(Saved data entries)
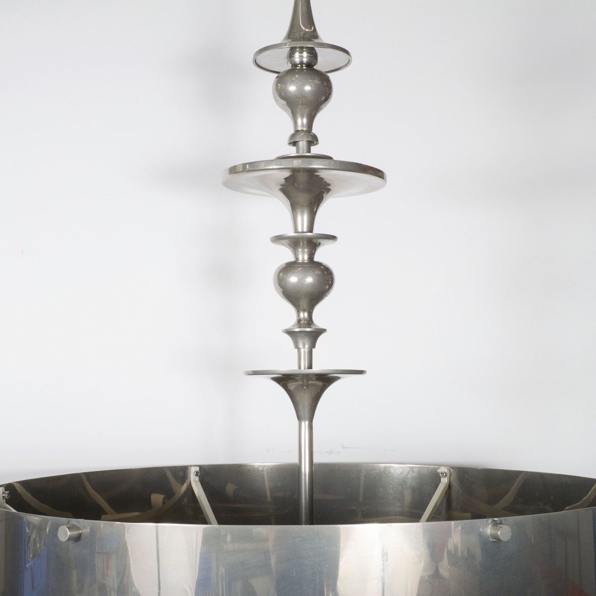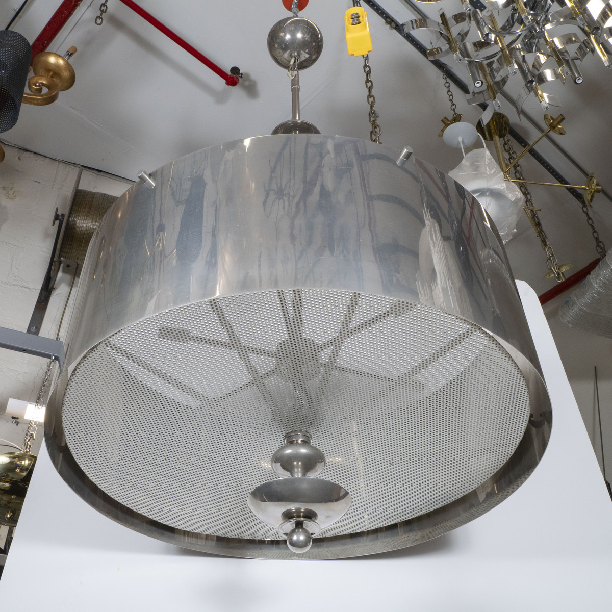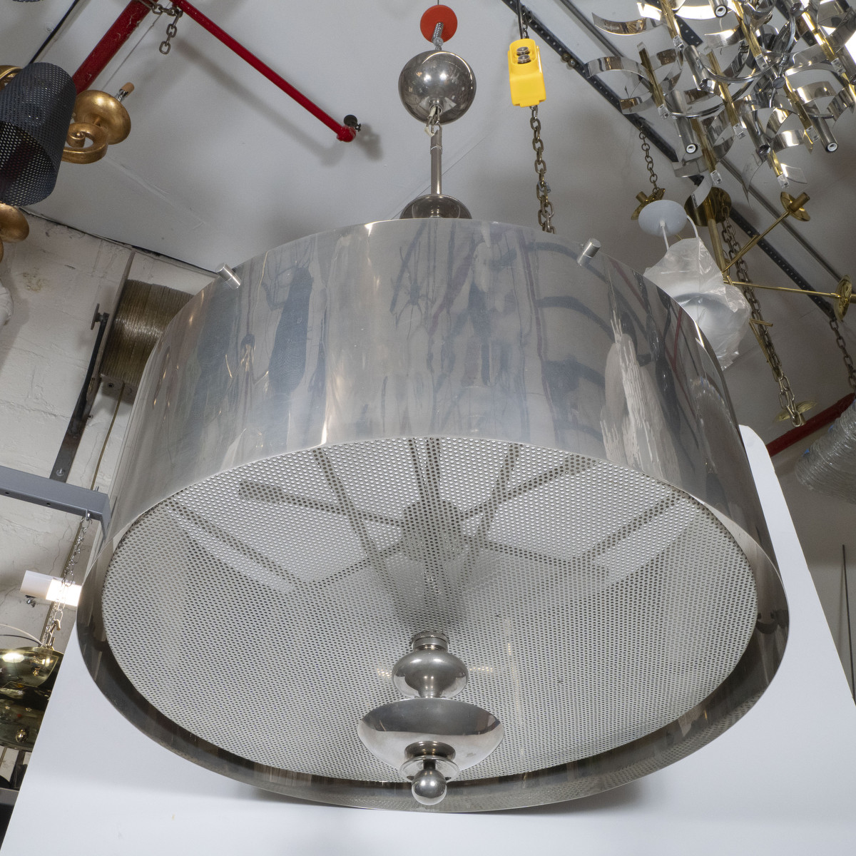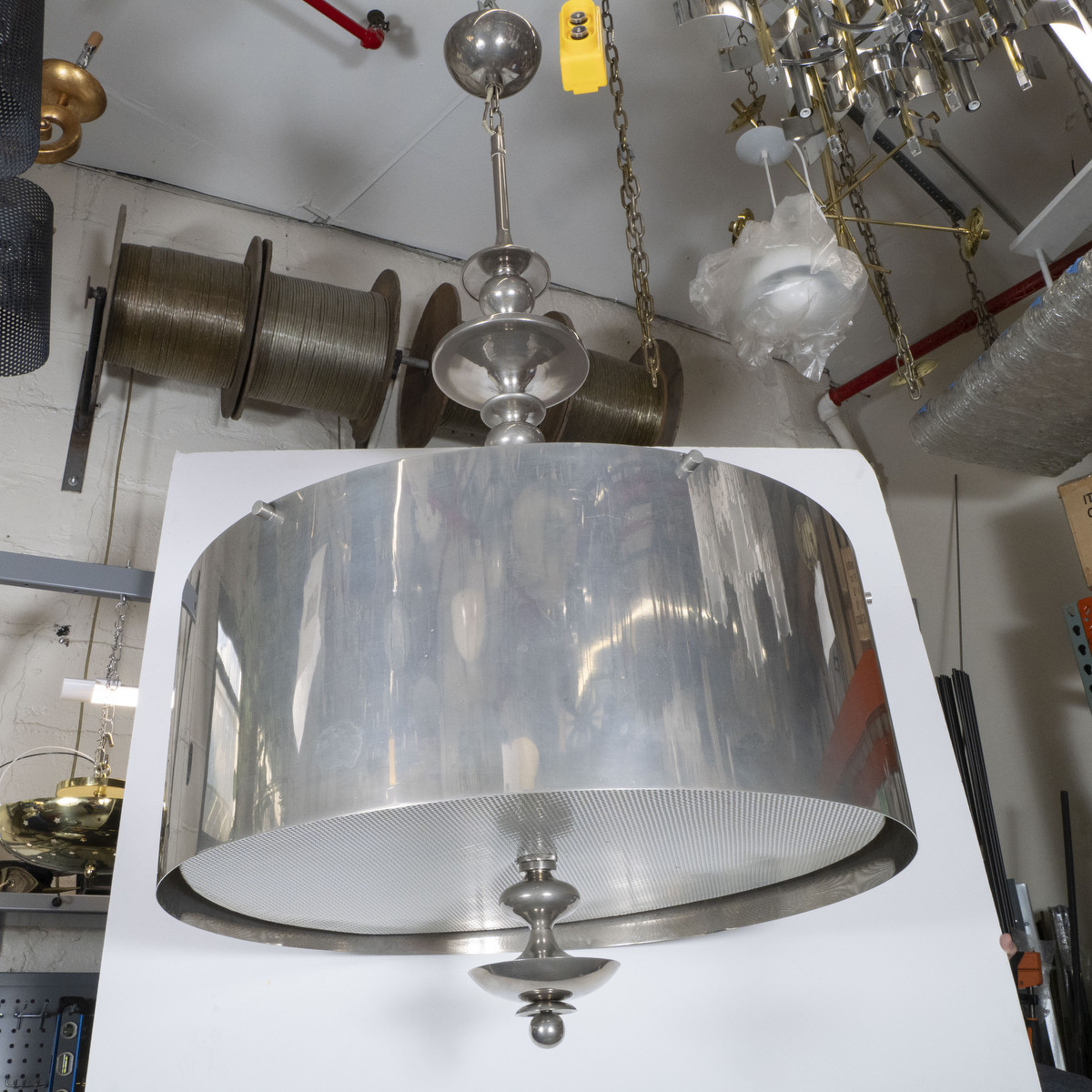 Large scale drum chandelier with mesh diffuser and spun details.
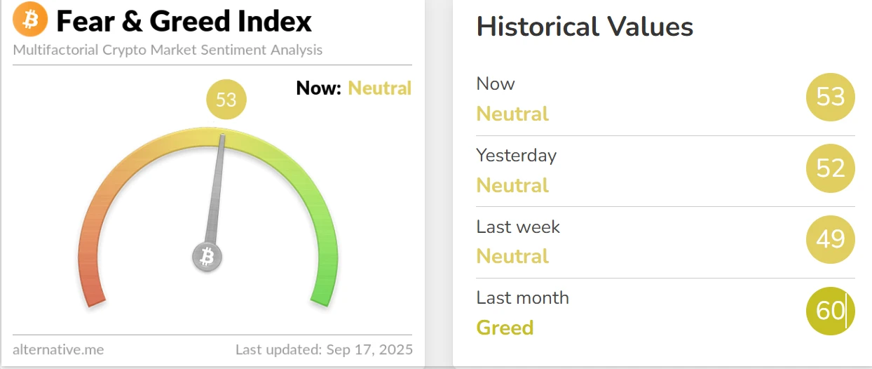 加密货币恐慌与贪婪指数小幅攀升至53,市场情绪维持中性 2025-09-17 09:18:17 16 加密货币恐慌与贪婪指数9月17日升至53,较前日52小幅攀升,市场情绪维持中性水平。 上一篇:Cathie Wood旗下Ark Invest增持Bullish股票逾827万美元 下一篇:链上分析师监测:某鲸鱼向Kraken交易所转入2600枚ETH 相关文章 加密货币恐慌与贪婪指数升至74,市场情绪维持贪婪区间 加密货币恐慌与贪婪指数降至73 市场情绪维持贪婪状态 加密货币恐慌与贪婪指数升至50,市场情绪转为中性 加密货币恐慌与贪婪指数连续两日维持50 市场情绪保持中性 加密货币恐慌与贪婪指数降至53,市场情绪转为中性 加密货币恐惧与贪婪指数下滑至47,市场情绪维持中性 加密货币恐慌与贪婪指数报50 市场情绪维持中性状态 加密货币恐慌与贪婪指数降至51,市场情绪转为中性 加密货币恐慌与贪婪指数9月5日降至48,市场情绪维持中性 加密货币恐慌与贪婪指数降至53 市场情绪转为中性 加密货币恐慌与贪婪指数微跌至52,市场情绪维持中性 加密货币恐慌与贪婪指数小幅攀升至53,市场情绪维持中性
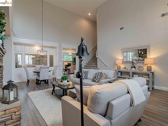 This home is beautiful, spacious, and freshly renovated. It features 4 beds and 3 bath with a full bed and full bath downstairs. New flooring throughout, fresh paint in the interior, kitchen has been newly renovated with freshly painted cabinets. The high vaulted ceilings create an open and spacious feel. Great Backyard with beautiful redwood trees surrounding the perimeter with a gorgeous fountain pond creating a very peaceful getaway. This home is a must see! Don't miss out!
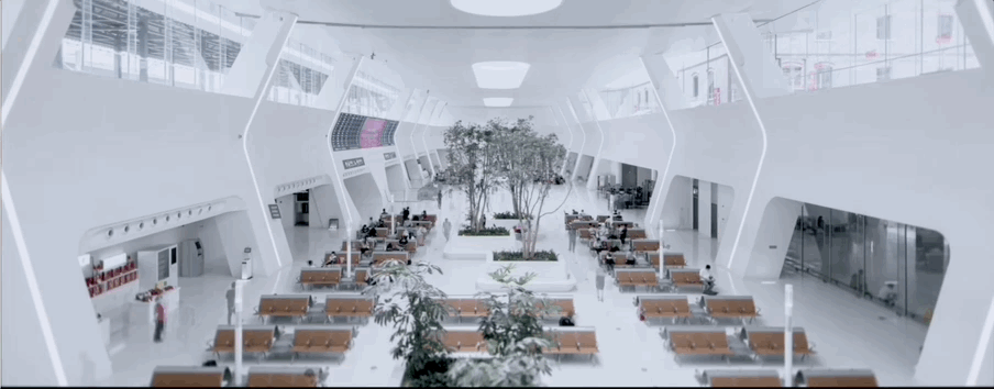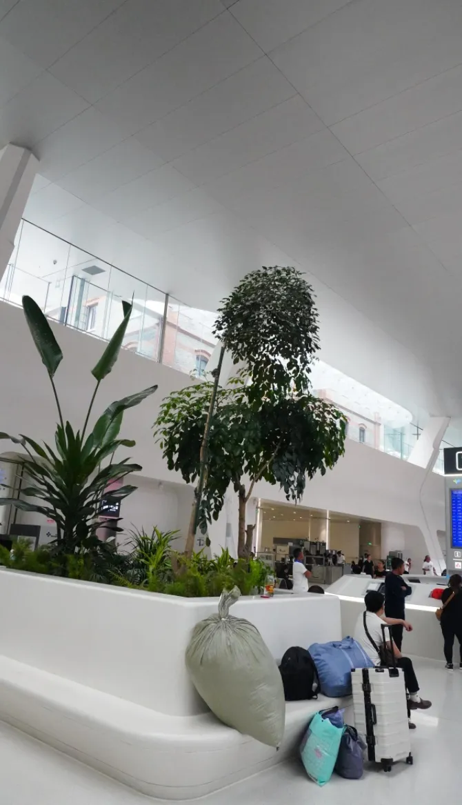 當內部綠植和候車的人們、行李箱、大塑料袋放在一個畫面裏的時候,反差感有,但同時也很chill不是麼
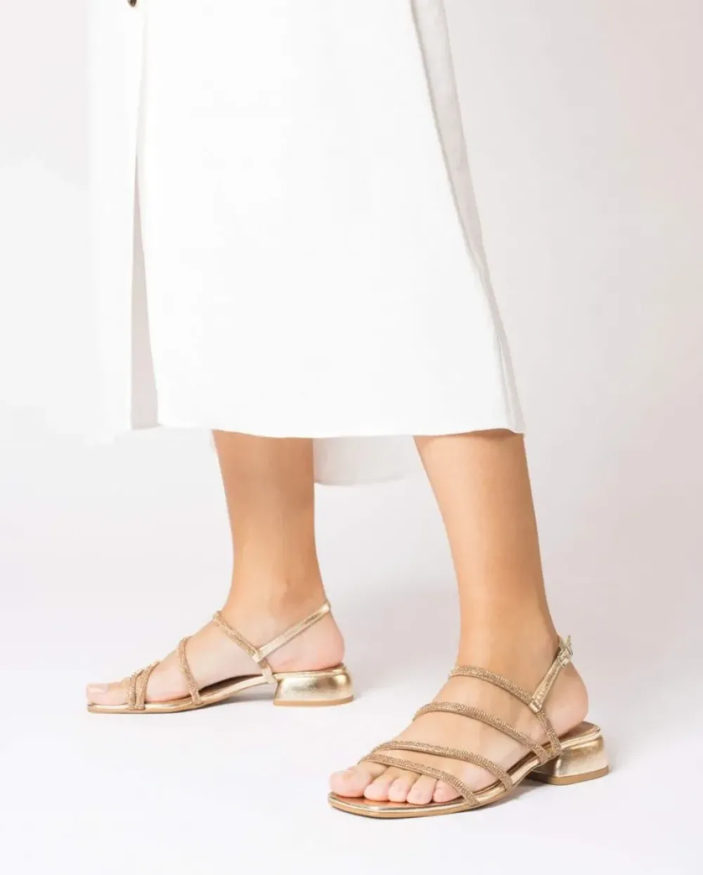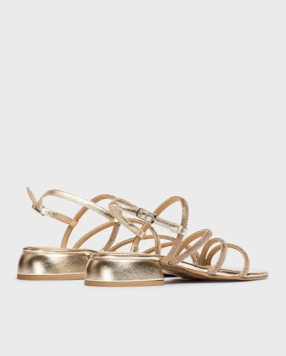 Sandalia Plana Platino. El Modelo Zaida Se Ajusta Al Pie Gracias A Sus Tiras Con Brillantes En Negro, A Aportan Elegancia Y Comocidad. Tiene Un Tacón De 1 Cm Y Una Sujección Perfecta Gracias A Una Hebilla Que Rodea El Tobillo. Disfruta De Comodidad Garantizada Gracias A La Plantilla Memorygel. ¡Consigue Los Tuyos Y Camina Con Estilo Y Confort En Cada Paso!
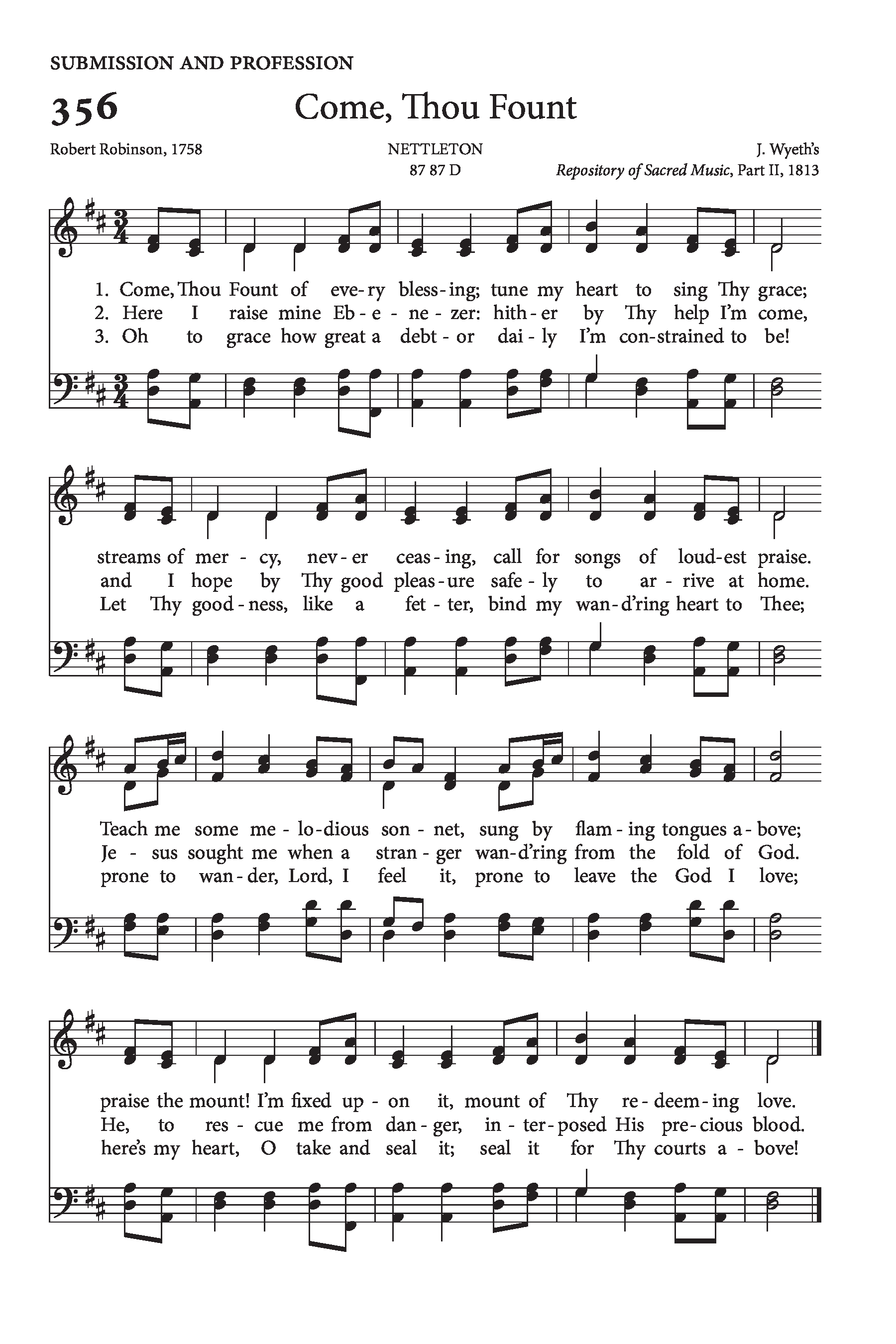 The tune most commonly associated with this hymn, known as Nettleton, was named after Rev. Asahel Nettleton, an American evangelist active during the early 19th century. The melody itself was composed by John Wyeth, a printer and lay musician born in Cambridge, Massachusetts, on March 31, 1770. Wyeth included the hymn in his influential hymnal, Wyeth’s Repository of Sacred Music, published in 1813. While Nettleton remains the most enduring musical setting, Come, Thou Fount can also be paired with other tunes written in the same 87.87 doubled meter, allowing for varied expression across different worship traditions. Despite the turbulence in Robert Robinson’s spiritual journey, his hymn continues to bless countless believers with its rich theology, heartfelt confession, and longing for divine grace.
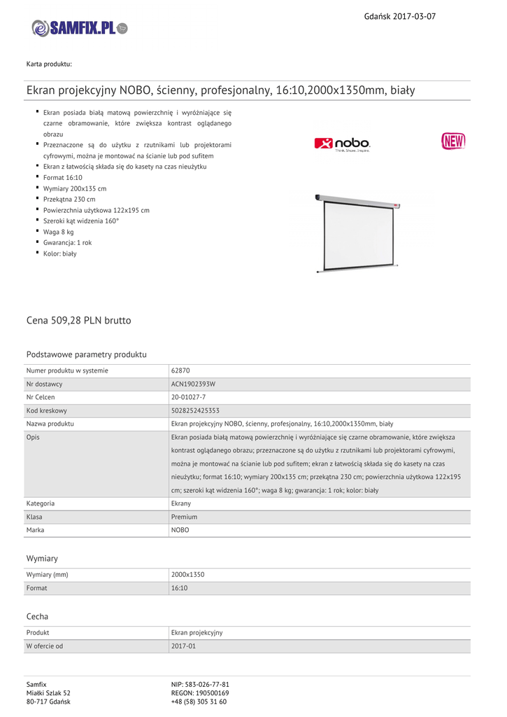 Gdańsk 2017-03-07 Karta produktu: Ekran projekcyjny NOBO, ścienny, profesjonalny, 16:10,2000x1350mm, biały Ekran posiada białą matową powierzchnię i wyróżniające się czarne obramowanie, które zwiększa kontrast oglądanego obrazu Przeznaczone są do użytku z rzutnikami lub projektorami cyfrowymi, można je montować na ścianie lub pod sufitem Ekran z łatwością składa się do kasety na czas nieużytku Format 16:10 Wymiary 200x135 cm Przekątna 230 cm Powierzchnia użytkowa 122x195 cm Szeroki kąt widzenia 160° Waga 8 kg Gwarancja: 1 rok Kolor: biały Cena 509,28 PLN brutto Podstawowe parametry produktu Numer produktu w systemie 62870 Nr dostawcy ACN1902393W Nr Celcen 20-01027-7 Kod kreskowy 5028252425353 Nazwa produktu Ekran projekcyjny NOBO, ścienny, profesjonalny, 16:10,2000x1350mm, biały Opis Ekran posiada białą matową powierzchnię i wyróżniające się czarne obramowanie, które zwiększa kontrast oglądanego obrazu; przeznaczone są do użytku z rzutnikami lub projektorami cyfrowymi, można je montować na ścianie lub pod sufitem; ekran z łatwością składa się do kasety na czas nieużytku; format 16:10; wymiary 200x135 cm; przekątna 230 cm; powierzchnia użytkowa 122x195 cm; szeroki kąt widzenia 160°; waga 8 kg; gwarancja: 1 rok; kolor: biały Kategoria Ekrany Klasa Premium Marka NOBO Wymiary Wymiary (mm) 2000x1350 Format 16:10 Cecha Produkt Ekran projekcyjny W ofercie od 2017-01 Samfix Miałki Szlak 52 80-717 Gdańsk NIP: 583-026-77-81 REGON: 190500169 +48 (58) 305 31 60 Gdańsk 2017-03-07 Karta katalogowa produktu cd. Ekran projekcyjny NOBO, ścienny, profesjonalny, 16:10,2000x1350mm, biały Typ Profesjonalny Rodzaj Ścienny Wspólny słownik zamówień CPV 30237210-4 Ekrany antyodblaskowe Certyfikaty Ilość lat gwarancji 1 Hit Standard Nowy produkt w ofercie Nowość Kolor Kolor Biały Serdecznie zapraszamy do współpracy Zespół Samfix. Samfix Miałki Szlak 52 80-717 Gdańsk NIP: 583-026-77-81 REGON: 190500169 +48 (58) 305 31 60
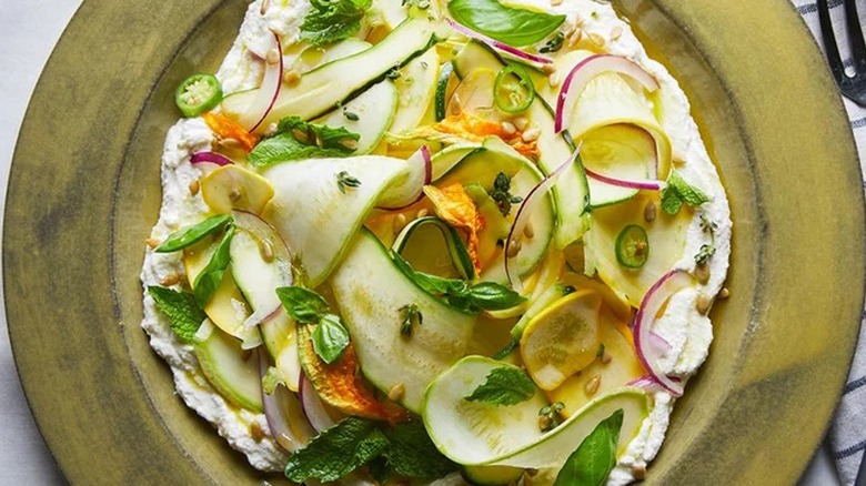Shaved squash and creamy cheese are a perfect pairing, marrying light crunch and satisfying richness. This unique salad piles strings of thinly sliced summer squash over whipped ricotta that's been boosted with lemon zest and slightly sweetened by honey. The squash itself gets doused in punchy summer flavors from the added mint, basil, serrano chile, and lemon juice for a well-balanced mix of acidic bite that counters the creamy sweetness of the whipped cheese. It's a sunny, cooling salad that tastes as bright as the season itself.

**WHAT IS BEING ASKED:** Above are some entries. Restate word for word the lines from the one holding "當內部綠植和候車的人們、行李" through the one holding "The tune most", but not the pictures.

**WRITTEN ANSWER:**
 當內部綠植和候車的人們、行李箱、大塑料袋放在一個畫面裏的時候,反差感有,但同時也很chill不是麼
 Sandalia Plana Platino. El Modelo Zaida Se Ajusta Al Pie Gracias A Sus Tiras Con Brillantes En Negro, A Aportan Elegancia Y Comocidad. Tiene Un Tacón De 1 Cm Y Una Sujección Perfecta Gracias A Una Hebilla Que Rodea El Tobillo. Disfruta De Comodidad Garantizada Gracias A La Plantilla Memorygel. ¡Consigue Los Tuyos Y Camina Con Estilo Y Confort En Cada Paso!
 The tune most commonly associated with this hymn, known as Nettleton, was named after Rev. Asahel Nettleton, an American evangelist active during the early 19th century. The melody itself was composed by John Wyeth, a printer and lay musician born in Cambridge, Massachusetts, on March 31, 1770. Wyeth included the hymn in his influential hymnal, Wyeth’s Repository of Sacred Music, published in 1813. While Nettleton remains the most enduring musical setting, Come, Thou Fount can also be paired with other tunes written in the same 87.87 doubled meter, allowing for varied expression across different worship traditions. Despite the turbulence in Robert Robinson’s spiritual journey, his hymn continues to bless countless believers with its rich theology, heartfelt confession, and longing for divine grace.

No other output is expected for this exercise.